Il malato di mente - è lapalissiano - non è uguale al sano così come il povero non è uguale al ricco, come le donne non sono uguali agli uomini, i neri ai bianchi. Non lo è, cioè, nel senso che le sue possibilità di partecipazione sociale e di realizzazione personale sono minori, che si trova in una situazione di minorata contrattualità sociale, che non ha quella stessa pienezza della libertà nella scelta, che la sua libertà è condizionata da un handicap particolare. E la giustizia consiste appunto nel trattare differentemente situazioni diverse, o si corre il ben noto rischio del summum ius summa iniuria. Ma, con la nuova visione della

malattia mentale come non più così alienante, invasiva, inappellabile, può ancora dirsi che il malato di mente è radicalmente diverso dal sano? Ha senso, cioè, un trattamento penale qualitativamente diverso? Dove sta scritto che la malattia mentale sia una forza più cogente che non il condizionamento sociale, familiare, ambientale, del carattere, magari della passione e dell'emozione, o della suggestione della folla in tumulto? (...) Una

proposta - ed è quella a cui siamo particolarmente affezionati (...) - potrebbe quindi essere quella di riservare alla malattia mentale lo stesso peso che si attribuisce ad altre situazioni

che attenuano quantitativamente la responsabilità per il delitto e quindi la pena. (223)
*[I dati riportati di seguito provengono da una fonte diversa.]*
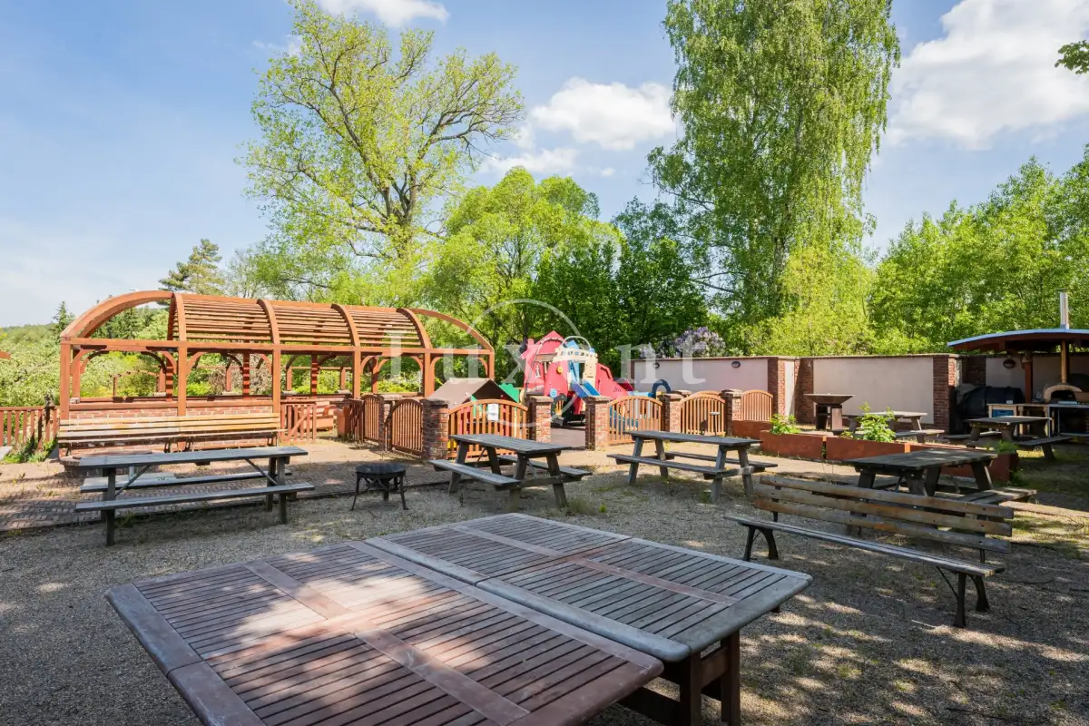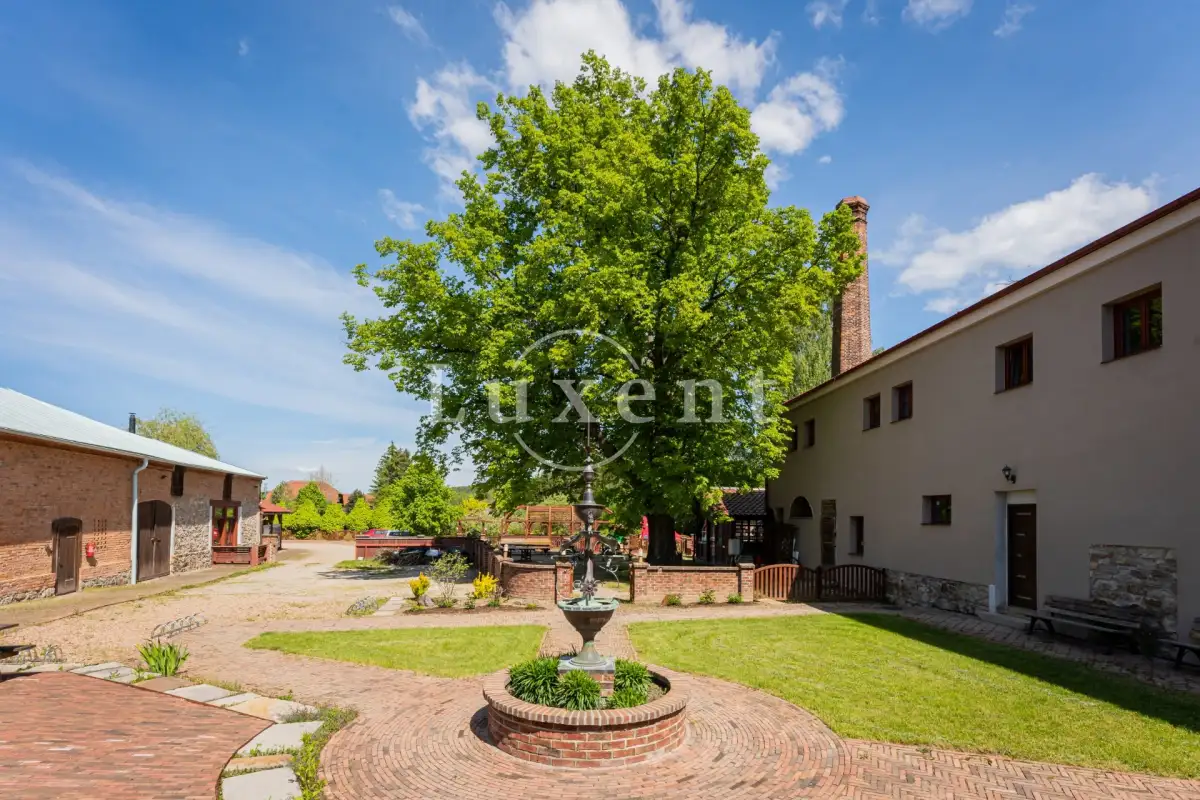 Nedílnou součástí objektu je stylové nádvoří, společenská stodola pro posezení i tanec při událostech, relaxační park plný prožitků s jezírkem (venkovní posilovna, cvičení na trávníku, stezka obratnosti, pikniky v trávě), cvičný green, prostory pro živou a reprodukovanou hudbu, parkoviště pro 15 automobilů, dětské hřiště, venkovní bistro, pec a gril, zázemí pro sezonní provoz – úschovna kol a zavazadel, toalety.

La mediazione tra Ragione e Follia, svolta dalla psichiatria non si deve tradurre quindi in una espulsione della "Sragione" dal modo della "Razionalità Sociale", rappresentata tradizionalmente dall'internamento in un ospedale psichiatrico giudiziario. L'atto del folle dovrà quindi essere giudicato ed egli condannato, ma in virtù di una condanna che tenendo conto della storia del soggetto, preveda misure che consentano una cura, una riabilitazione ed una reintegrazione sociale. Arrivando ad una reale ed efficace sintesi tra il bisogno rituale e simbolico della retribuzione richiesto da sempre dal corpo sociale ed il recupero della salute mentale di un soggetto visto come parte integrante della

comunità, non emarginabile attraverso statuti giuridici differenziati. (224) La liberta di scelta attribuita al

reo malato di mente è in questo senso conforme anche alla concezione normativa della libertà giuridica, che si configura non come dato naturalistico, ontologico ma si pone come un "principio

regolativo di tipo giuridico che pone limiti al potere statuale e garantisce la libertà". (225) La libertà e la

responsabilità non più intese secondo un assunto filosofico o una necessaria dimostrazione naturalistica o psicologica, assumerebbe un ruolo di garanzia teleologica, consentirebbe ad ogni individuo di essere trattato come libero e responsabile, con tutte le limitazioni (connesse al concetto giuridico di dignità umana) al potere punitivo che questa implicazione ha storicamente comportato. "Il principio di libertà del volere si trasforma così da presupposto indimostrabile e necessario di fondazione e giustificazione del rimprovero di colpevolezza, e conseguentemente della pena in funzione retributiva,

nel suo contrario e cioè in quello di limite garantistico posto a tutela dell'individuo". (226)

In questo senso si opererebbe la massima restrizione possibile al campo applicativo della fattispecie della pericolosità poiché "evidentemente una persona non può essere dichiarata pericolosa sulla base di un giudizio medico se non è invalidata in quanto soggetto responsabile".